Exercise brief ::
Using only the entries below, copy exactly the lines that begin at the one with "- Bundle fabrics" and end at the one with "First edition of", both included. Drop the pictures.

Task material ::
■ ■ ■ ■
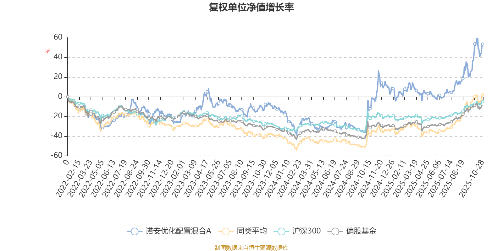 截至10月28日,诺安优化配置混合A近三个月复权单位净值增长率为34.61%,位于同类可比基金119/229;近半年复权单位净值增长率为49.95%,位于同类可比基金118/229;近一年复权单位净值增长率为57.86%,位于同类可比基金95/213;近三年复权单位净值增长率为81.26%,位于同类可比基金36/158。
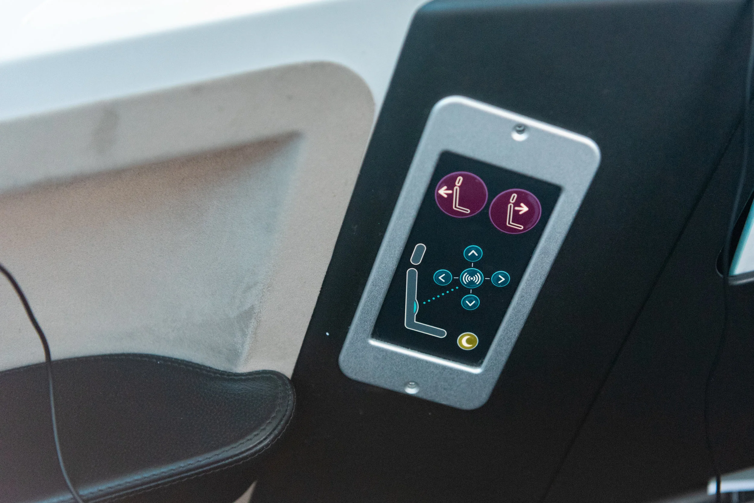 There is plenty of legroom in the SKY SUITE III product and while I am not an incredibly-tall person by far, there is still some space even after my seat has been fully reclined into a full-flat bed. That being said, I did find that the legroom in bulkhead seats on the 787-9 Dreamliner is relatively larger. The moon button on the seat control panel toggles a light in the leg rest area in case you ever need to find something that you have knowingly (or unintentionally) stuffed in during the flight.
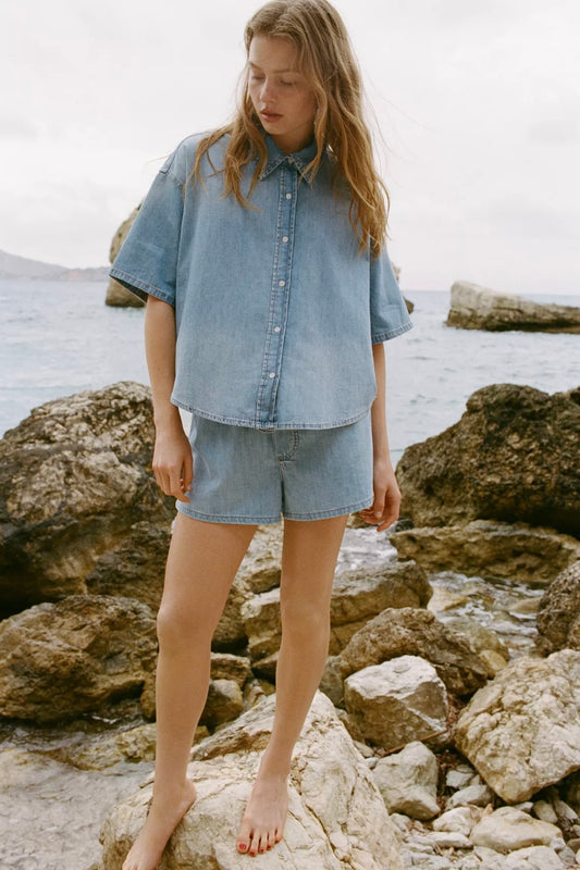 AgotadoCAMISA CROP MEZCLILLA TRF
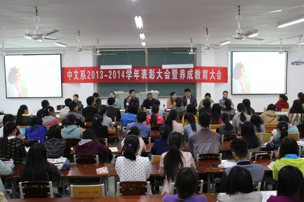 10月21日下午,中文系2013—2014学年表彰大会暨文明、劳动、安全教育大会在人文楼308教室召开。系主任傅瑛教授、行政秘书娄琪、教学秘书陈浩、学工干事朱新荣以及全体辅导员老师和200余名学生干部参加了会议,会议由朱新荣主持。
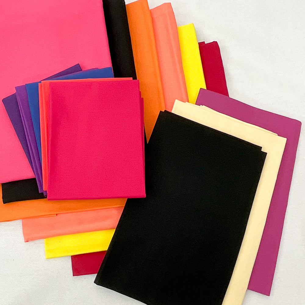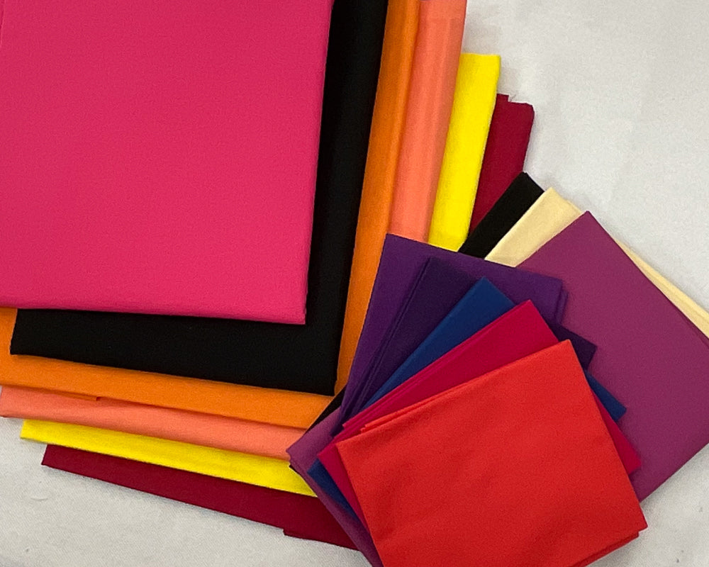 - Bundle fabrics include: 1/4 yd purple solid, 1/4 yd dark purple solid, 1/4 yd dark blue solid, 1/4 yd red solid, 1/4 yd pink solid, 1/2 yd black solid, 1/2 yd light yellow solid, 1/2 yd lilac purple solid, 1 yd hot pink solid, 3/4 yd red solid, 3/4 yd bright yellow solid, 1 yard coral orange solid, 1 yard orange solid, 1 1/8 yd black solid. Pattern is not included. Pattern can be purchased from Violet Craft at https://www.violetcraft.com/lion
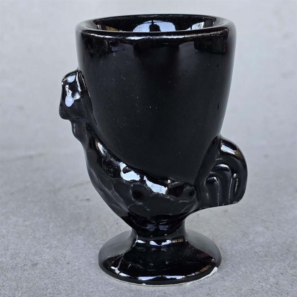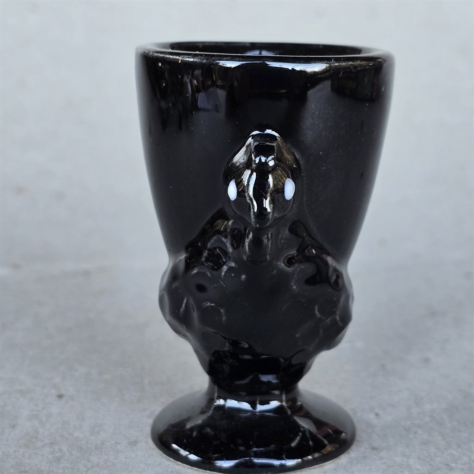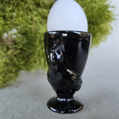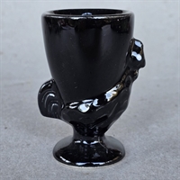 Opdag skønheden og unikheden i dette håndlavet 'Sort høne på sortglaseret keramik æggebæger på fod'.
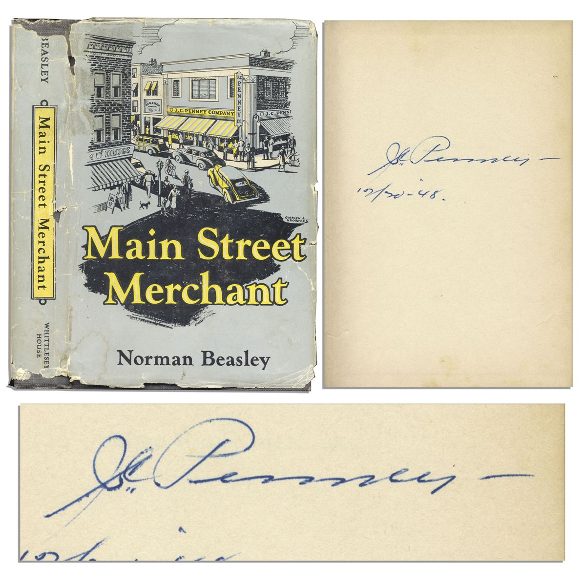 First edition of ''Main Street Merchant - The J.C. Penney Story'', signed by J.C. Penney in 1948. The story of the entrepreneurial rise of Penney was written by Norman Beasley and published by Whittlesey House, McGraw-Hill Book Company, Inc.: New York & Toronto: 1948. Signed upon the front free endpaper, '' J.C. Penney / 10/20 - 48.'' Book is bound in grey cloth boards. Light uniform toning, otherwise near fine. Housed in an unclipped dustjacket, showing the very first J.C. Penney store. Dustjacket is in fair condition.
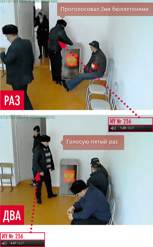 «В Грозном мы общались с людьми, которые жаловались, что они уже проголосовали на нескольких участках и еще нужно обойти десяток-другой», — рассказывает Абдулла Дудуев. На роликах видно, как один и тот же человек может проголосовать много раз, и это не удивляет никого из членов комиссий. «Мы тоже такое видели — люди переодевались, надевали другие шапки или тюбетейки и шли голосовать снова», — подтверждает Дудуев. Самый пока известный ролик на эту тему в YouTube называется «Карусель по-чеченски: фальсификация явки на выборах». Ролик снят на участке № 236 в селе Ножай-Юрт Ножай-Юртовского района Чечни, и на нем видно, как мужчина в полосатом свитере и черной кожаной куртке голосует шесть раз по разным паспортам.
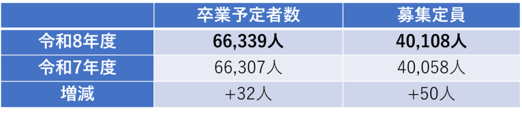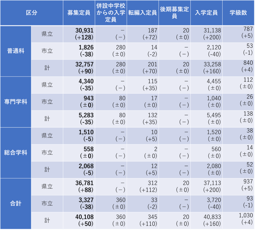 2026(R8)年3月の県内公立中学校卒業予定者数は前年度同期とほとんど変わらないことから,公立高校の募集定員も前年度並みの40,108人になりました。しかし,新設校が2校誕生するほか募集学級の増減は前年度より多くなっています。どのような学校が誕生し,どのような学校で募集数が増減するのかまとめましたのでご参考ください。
■ ■ ■ ■
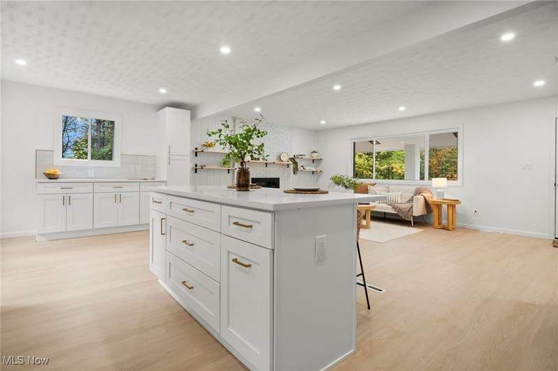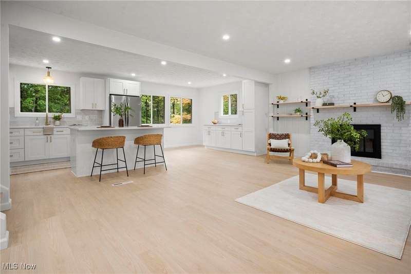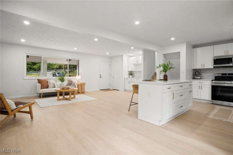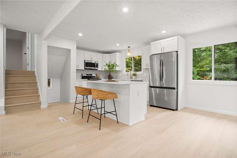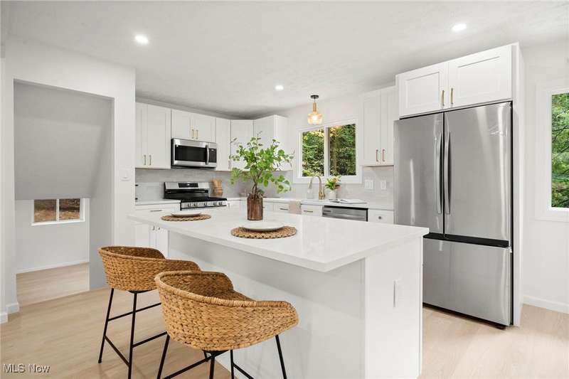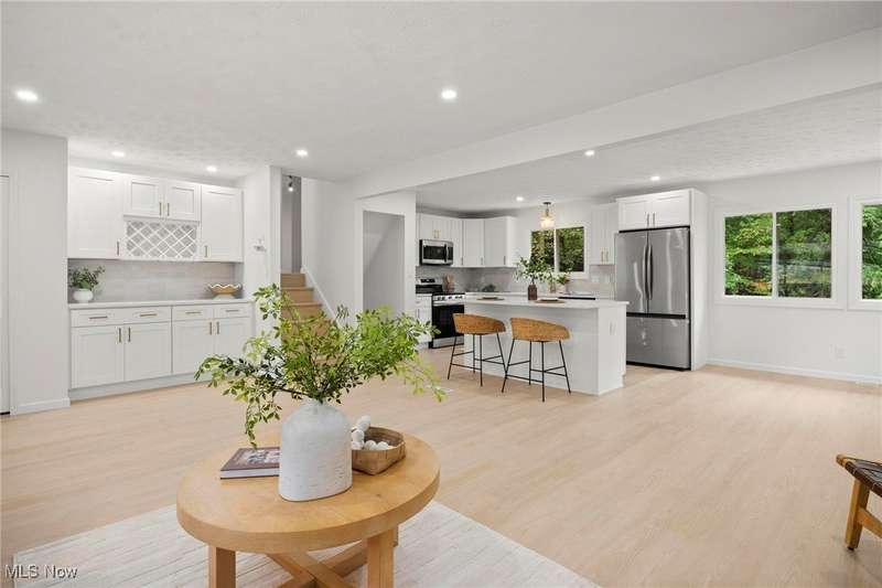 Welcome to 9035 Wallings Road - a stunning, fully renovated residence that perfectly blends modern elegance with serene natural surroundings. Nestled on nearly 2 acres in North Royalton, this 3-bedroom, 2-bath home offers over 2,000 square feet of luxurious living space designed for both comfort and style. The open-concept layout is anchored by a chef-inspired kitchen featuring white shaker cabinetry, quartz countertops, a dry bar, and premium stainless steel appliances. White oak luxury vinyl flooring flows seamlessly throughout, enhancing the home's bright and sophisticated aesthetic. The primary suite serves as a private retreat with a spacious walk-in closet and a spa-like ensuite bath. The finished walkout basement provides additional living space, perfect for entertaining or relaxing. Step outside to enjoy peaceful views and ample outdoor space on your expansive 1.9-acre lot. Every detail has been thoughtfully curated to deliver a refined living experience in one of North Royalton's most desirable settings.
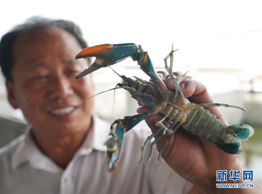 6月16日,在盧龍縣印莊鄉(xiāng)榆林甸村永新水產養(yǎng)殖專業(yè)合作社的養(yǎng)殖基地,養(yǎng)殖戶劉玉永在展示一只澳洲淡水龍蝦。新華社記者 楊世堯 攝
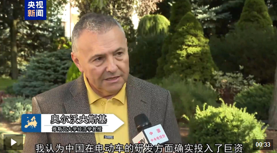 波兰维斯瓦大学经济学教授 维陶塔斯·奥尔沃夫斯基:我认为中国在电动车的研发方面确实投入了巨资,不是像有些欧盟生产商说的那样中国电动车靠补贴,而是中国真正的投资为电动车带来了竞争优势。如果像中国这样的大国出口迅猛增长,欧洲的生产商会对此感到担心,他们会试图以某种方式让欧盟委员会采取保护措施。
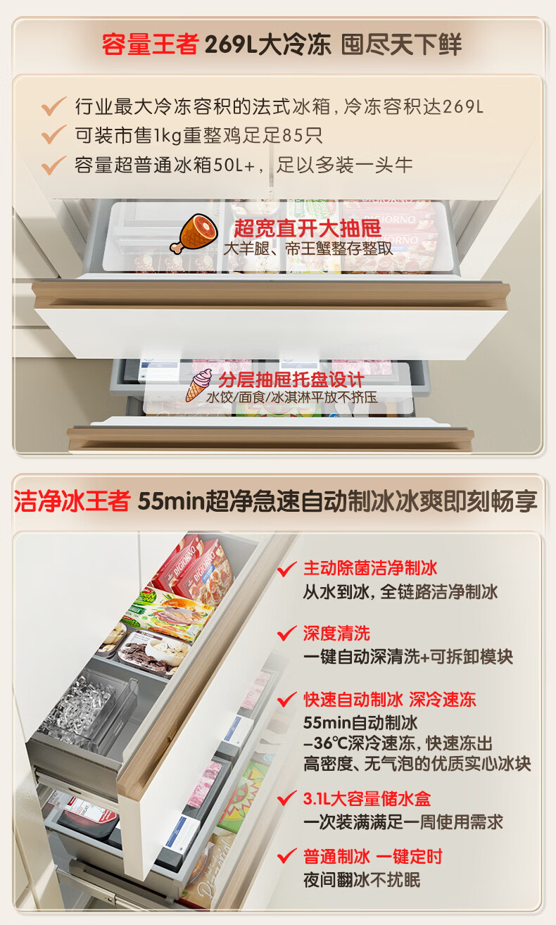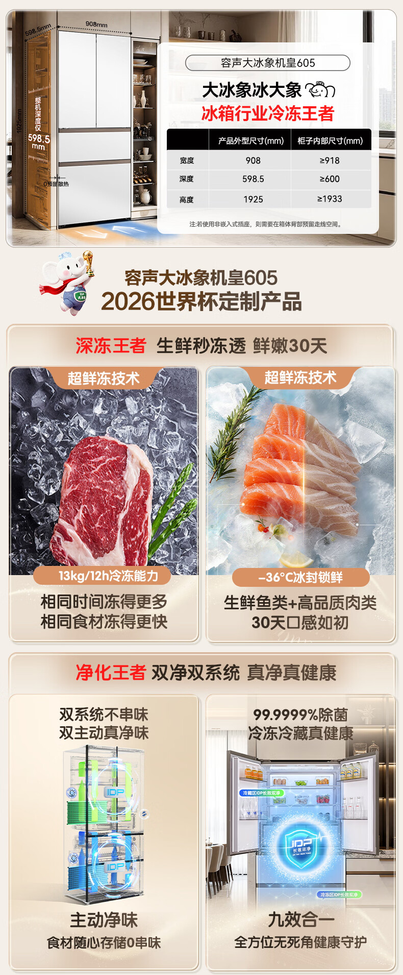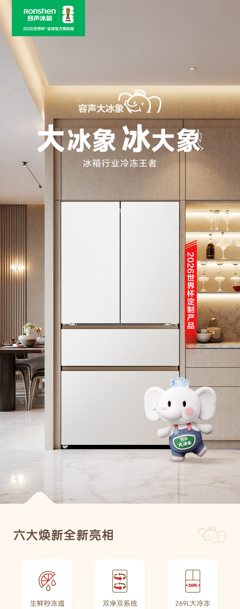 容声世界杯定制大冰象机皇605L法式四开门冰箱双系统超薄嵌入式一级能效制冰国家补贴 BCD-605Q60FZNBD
■ ■ ■ ■
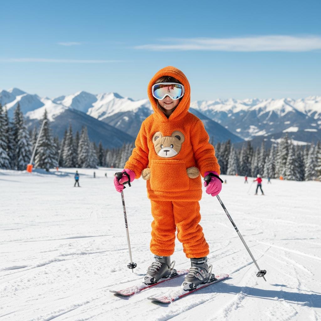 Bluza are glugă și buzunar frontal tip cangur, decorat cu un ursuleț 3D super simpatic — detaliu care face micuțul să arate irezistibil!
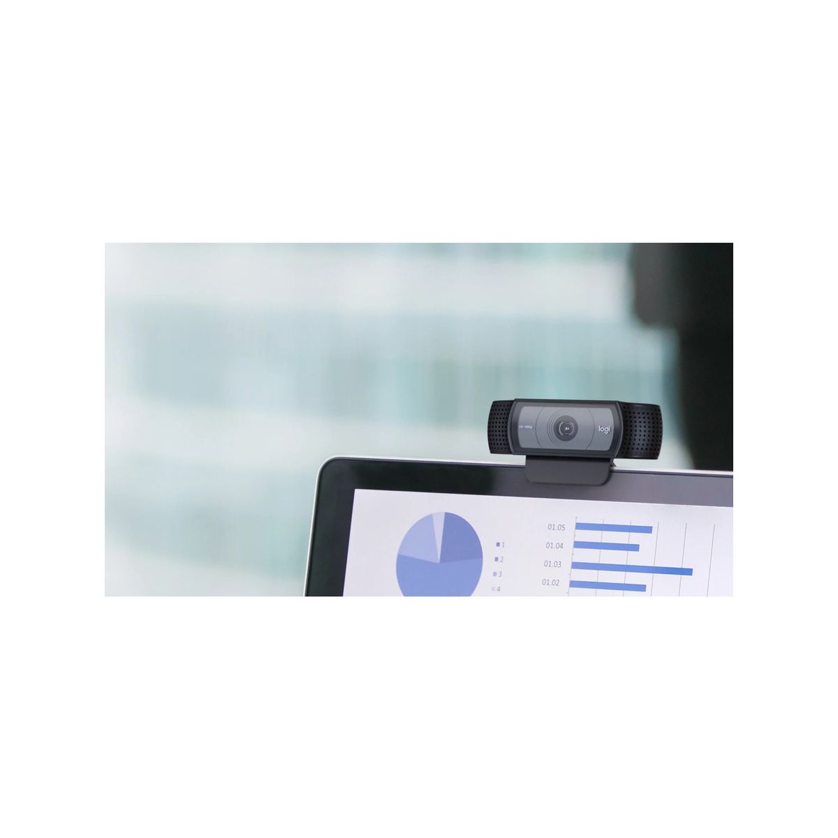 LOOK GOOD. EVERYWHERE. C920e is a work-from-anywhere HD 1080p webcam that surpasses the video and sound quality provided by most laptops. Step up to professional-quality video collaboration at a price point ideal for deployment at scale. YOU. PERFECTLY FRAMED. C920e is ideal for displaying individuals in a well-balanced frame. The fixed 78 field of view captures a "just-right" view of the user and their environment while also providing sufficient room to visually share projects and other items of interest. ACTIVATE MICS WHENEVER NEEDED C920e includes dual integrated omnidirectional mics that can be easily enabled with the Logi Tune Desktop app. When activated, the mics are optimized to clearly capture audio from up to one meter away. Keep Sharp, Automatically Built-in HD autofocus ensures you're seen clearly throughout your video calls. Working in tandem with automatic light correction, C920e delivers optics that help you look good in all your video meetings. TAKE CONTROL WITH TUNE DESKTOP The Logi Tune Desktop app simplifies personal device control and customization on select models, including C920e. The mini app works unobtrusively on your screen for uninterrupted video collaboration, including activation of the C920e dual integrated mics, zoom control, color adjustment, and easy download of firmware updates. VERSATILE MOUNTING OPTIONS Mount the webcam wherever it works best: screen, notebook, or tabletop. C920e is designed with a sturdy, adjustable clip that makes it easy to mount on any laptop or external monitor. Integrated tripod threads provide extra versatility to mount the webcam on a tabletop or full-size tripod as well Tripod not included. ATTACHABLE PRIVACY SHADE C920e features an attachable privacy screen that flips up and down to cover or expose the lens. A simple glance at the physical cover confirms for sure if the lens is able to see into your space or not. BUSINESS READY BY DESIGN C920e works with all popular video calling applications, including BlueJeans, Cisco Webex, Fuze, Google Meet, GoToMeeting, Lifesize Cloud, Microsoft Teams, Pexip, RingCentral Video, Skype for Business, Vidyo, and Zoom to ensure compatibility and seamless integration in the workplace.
■ ■ ■ ■
Task result ::
 - Bundle fabrics include: 1/4 yd purple solid, 1/4 yd dark purple solid, 1/4 yd dark blue solid, 1/4 yd red solid, 1/4 yd pink solid, 1/2 yd black solid, 1/2 yd light yellow solid, 1/2 yd lilac purple solid, 1 yd hot pink solid, 3/4 yd red solid, 3/4 yd bright yellow solid, 1 yard coral orange solid, 1 yard orange solid, 1 1/8 yd black solid. Pattern is not included. Pattern can be purchased from Violet Craft at https://www.violetcraft.com/lion
 Opdag skønheden og unikheden i dette håndlavet 'Sort høne på sortglaseret keramik æggebæger på fod'.
 First edition of ''Main Street Merchant - The J.C. Penney Story'', signed by J.C. Penney in 1948. The story of the entrepreneurial rise of Penney was written by Norman Beasley and published by Whittlesey House, McGraw-Hill Book Company, Inc.: New York & Toronto: 1948. Signed upon the front free endpaper, '' J.C. Penney / 10/20 - 48.'' Book is bound in grey cloth boards. Light uniform toning, otherwise near fine. Housed in an unclipped dustjacket, showing the very first J.C. Penney store. Dustjacket is in fair condition.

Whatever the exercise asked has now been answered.